Structure is nothing if it is all you got. Skeletons spook people if they try to walk around on their own. I really wonder why XML does not.
—Erik Naggum
XML doesn’t get much respect from the Rails community. It’s enterprisey. In the Ruby world, that other markup language, YAML (YAML ain’t markup language), and data interchange format, JSON (JavaScript object notation), get a heck of a lot more attention. However, use of XML is a fact of life for many projects, especially when it comes to interoperability with legacy systems. Luckily, Ruby on Rails gives us some pretty good functionality related to XML.
This chapter examines how to both generate and parse XML in your Rails applications, starting with a thorough examination of the to_xml
method that most objects have in Rails.
Sometimes you just want an XML representation of an object, and Active Record models provide easy, automatic XML generation via the to_xml
method. Let’s play with this method in the console and see what it can do.
I’ll fire up the console for my book-authoring sample application and find an Active Record object to manipulate.
>> User.find_by(login: 'obie')
=> #<User id: 8, login: "obie", email: "[email protected]",
crypted_password: "4a6046804fc4dc3183ad9012fbfee91c85723d8c",
salt: "399754af1b01cf3d4b87da5478d82674b0438eb8",
created_at: "2010-05-18 19:31:40", updated_at: "2010-05-18 19:31:40",
remember_token: nil, remember_token_expires_at: nil,
authorized_approver: true, client_id: nil, timesheets_updated_at: nil>
There we go—a User
instance.

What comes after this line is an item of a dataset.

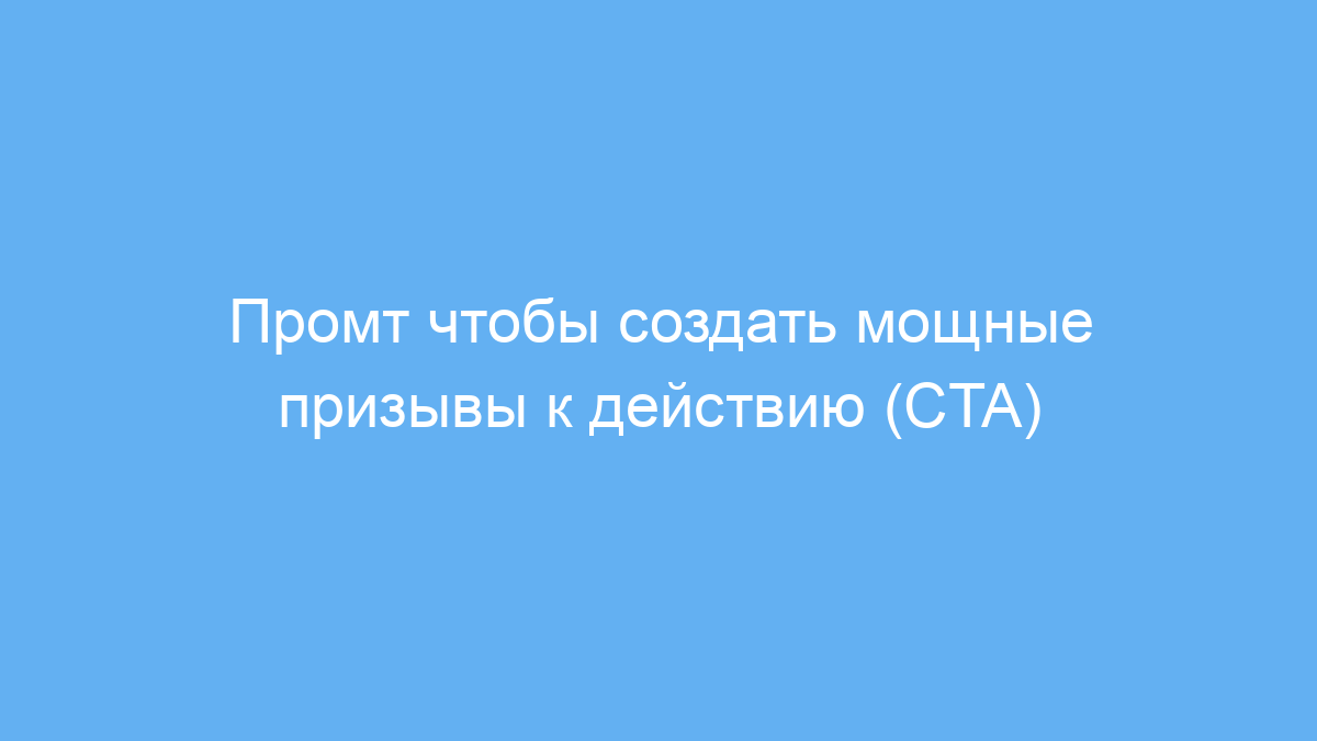 Проблема в том, что придумать цепляющие и мотивирующие CTA сложно, а от качества призыва часто зависит успех маркетинговой кампании. Этот промт помогает решить эту задачу, автоматически генерируя три сильных варианта призывов под любое действие.

Let’s see that instance as its generic XML representation.
>> User.find_by(login: 'obie').to_xml
=> "<?xml version="1.0" encoding="UTF-8"?>
<user>
<authorized-approver type="boolean">true</authorized-approver>
<salt>399754af1b01cf3d4b87da5478d82674b0438eb8</salt>
<created-at type="datetime">2010-05-18T19:31:40Z</created-at>
<crypted-password>4a6046804fc4dc3183ad9012fbfee91c85723d8c
</crypted-password>
<remember-token-expires-at type="datetime"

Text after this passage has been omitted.